Exercise directions
Below are records with pictures. Transcribe exactly, and only, the lines from the line with "Carte Elégant Faux" to the line with "Este look feminino", both ends included, but not the pictures.

Extracted data
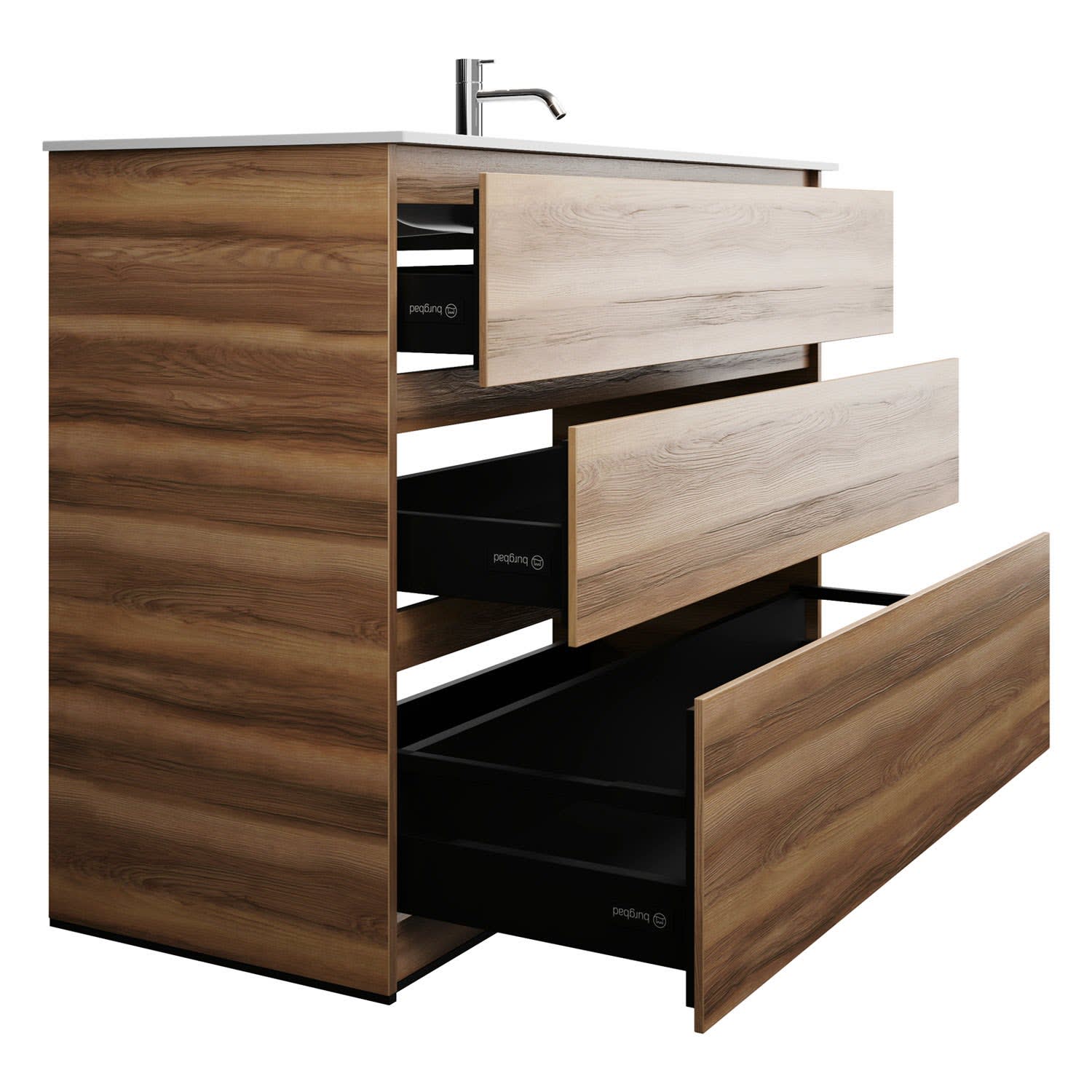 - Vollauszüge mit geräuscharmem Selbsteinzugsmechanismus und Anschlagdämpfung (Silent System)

==

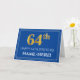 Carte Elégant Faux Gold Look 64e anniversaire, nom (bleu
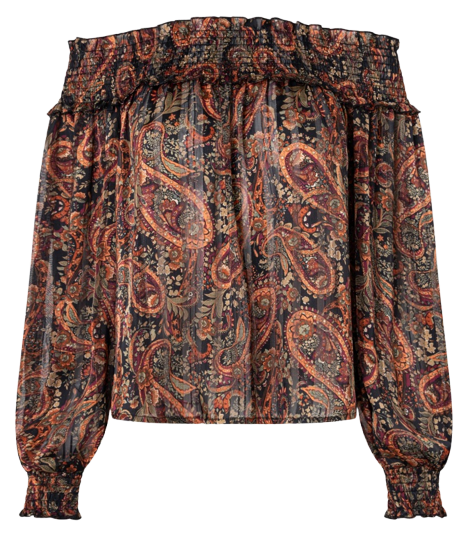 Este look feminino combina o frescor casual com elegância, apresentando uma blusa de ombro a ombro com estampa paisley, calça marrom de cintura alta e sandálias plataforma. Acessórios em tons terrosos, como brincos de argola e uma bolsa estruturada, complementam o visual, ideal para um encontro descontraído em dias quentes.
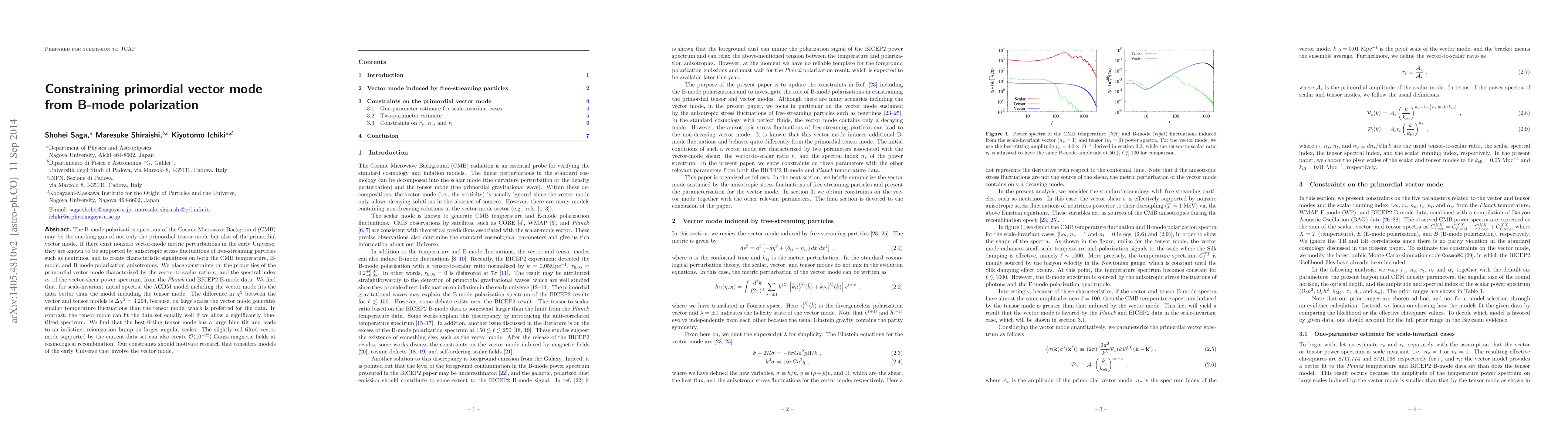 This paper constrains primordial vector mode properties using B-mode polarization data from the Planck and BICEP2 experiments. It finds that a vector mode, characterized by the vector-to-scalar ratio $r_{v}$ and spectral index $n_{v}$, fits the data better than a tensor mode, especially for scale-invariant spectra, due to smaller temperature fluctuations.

---

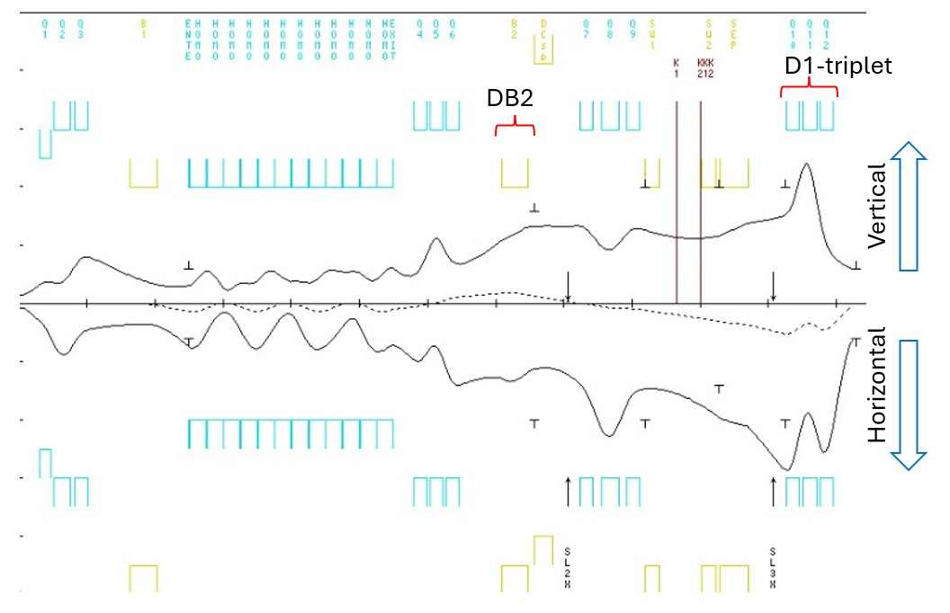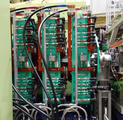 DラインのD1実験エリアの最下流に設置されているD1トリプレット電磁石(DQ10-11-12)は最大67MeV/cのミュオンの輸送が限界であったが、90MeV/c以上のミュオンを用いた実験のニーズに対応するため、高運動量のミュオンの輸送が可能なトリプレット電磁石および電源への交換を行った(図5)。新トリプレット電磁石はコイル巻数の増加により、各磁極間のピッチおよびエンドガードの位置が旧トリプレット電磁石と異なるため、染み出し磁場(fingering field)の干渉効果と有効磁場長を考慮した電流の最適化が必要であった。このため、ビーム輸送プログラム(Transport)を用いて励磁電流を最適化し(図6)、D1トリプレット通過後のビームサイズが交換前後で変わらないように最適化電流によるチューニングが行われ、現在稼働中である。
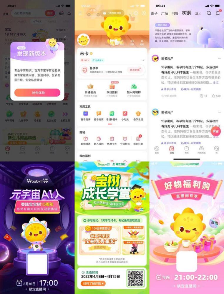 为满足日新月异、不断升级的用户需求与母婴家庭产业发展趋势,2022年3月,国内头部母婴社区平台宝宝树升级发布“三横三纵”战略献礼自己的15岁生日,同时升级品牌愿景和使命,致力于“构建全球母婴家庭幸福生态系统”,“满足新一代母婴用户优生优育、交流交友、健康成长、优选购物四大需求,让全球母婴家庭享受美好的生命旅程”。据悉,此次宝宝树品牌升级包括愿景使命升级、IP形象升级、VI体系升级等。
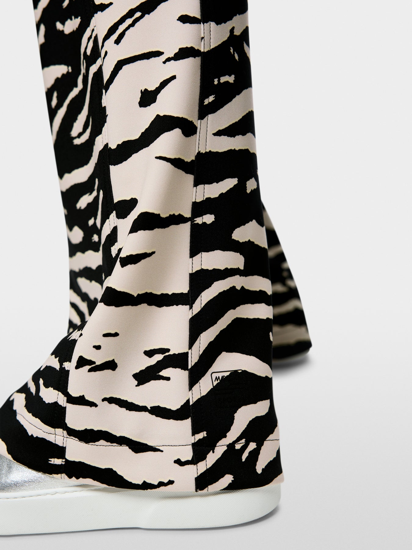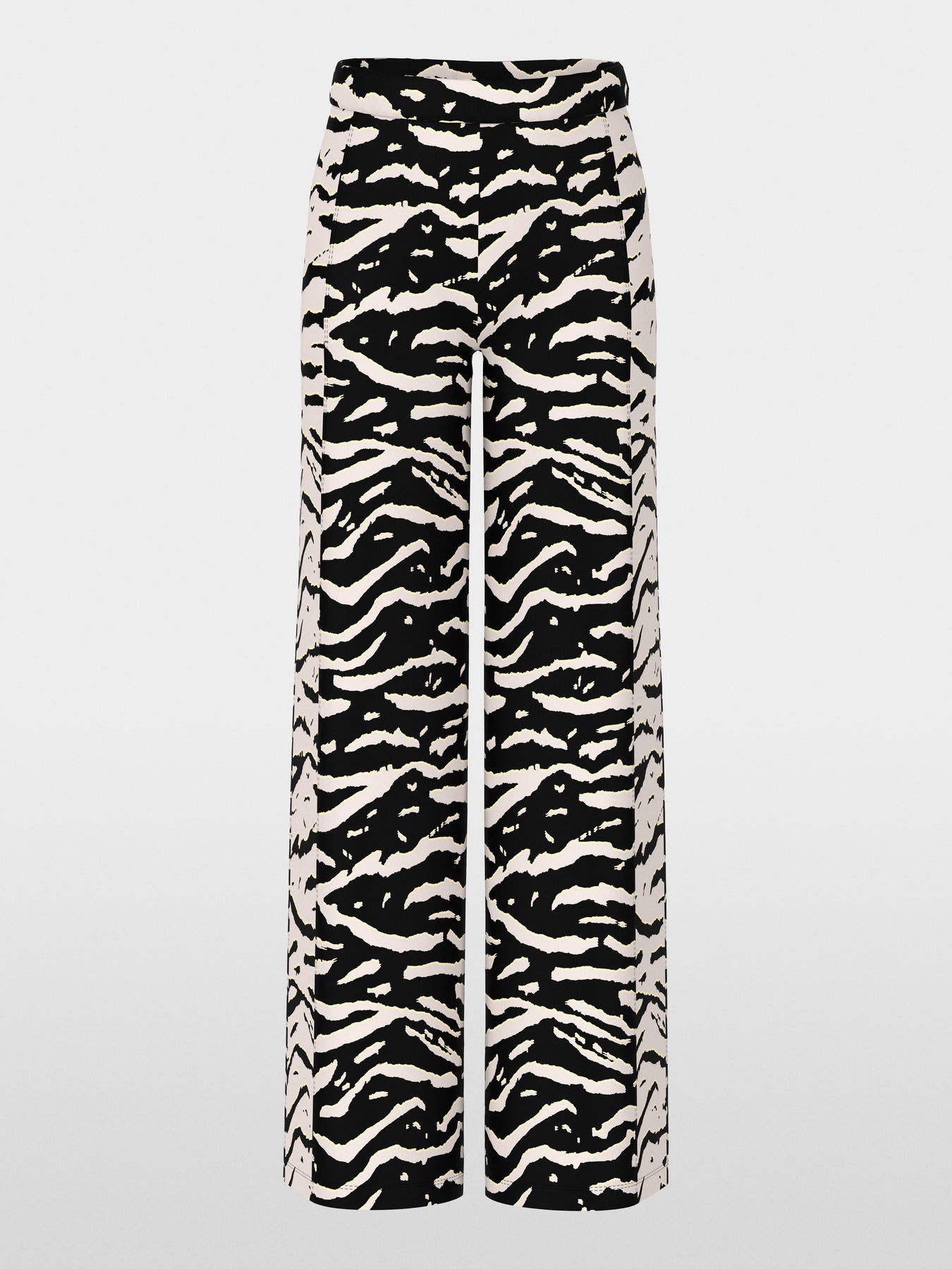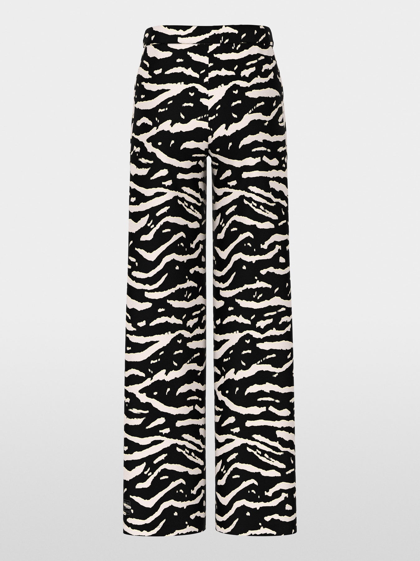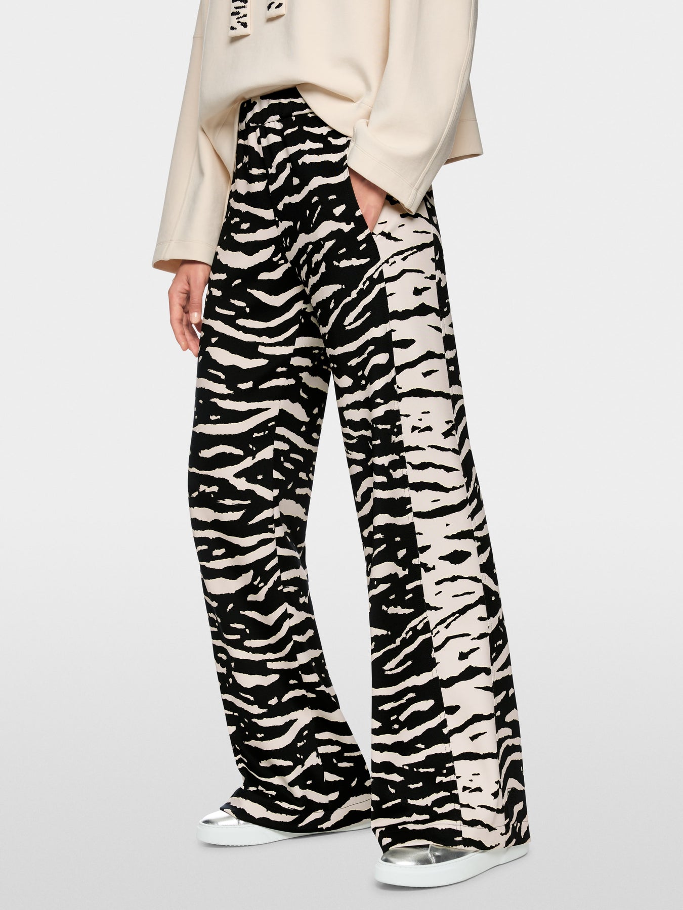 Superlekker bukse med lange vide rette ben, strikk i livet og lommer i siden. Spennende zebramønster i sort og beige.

Reply
 Carte Elégant Faux Gold Look 64e anniversaire, nom (bleu
 Este look feminino combina o frescor casual com elegância, apresentando uma blusa de ombro a ombro com estampa paisley, calça marrom de cintura alta e sandálias plataforma. Acessórios em tons terrosos, como brincos de argola e uma bolsa estruturada, complementam o visual, ideal para um encontro descontraído em dias quentes.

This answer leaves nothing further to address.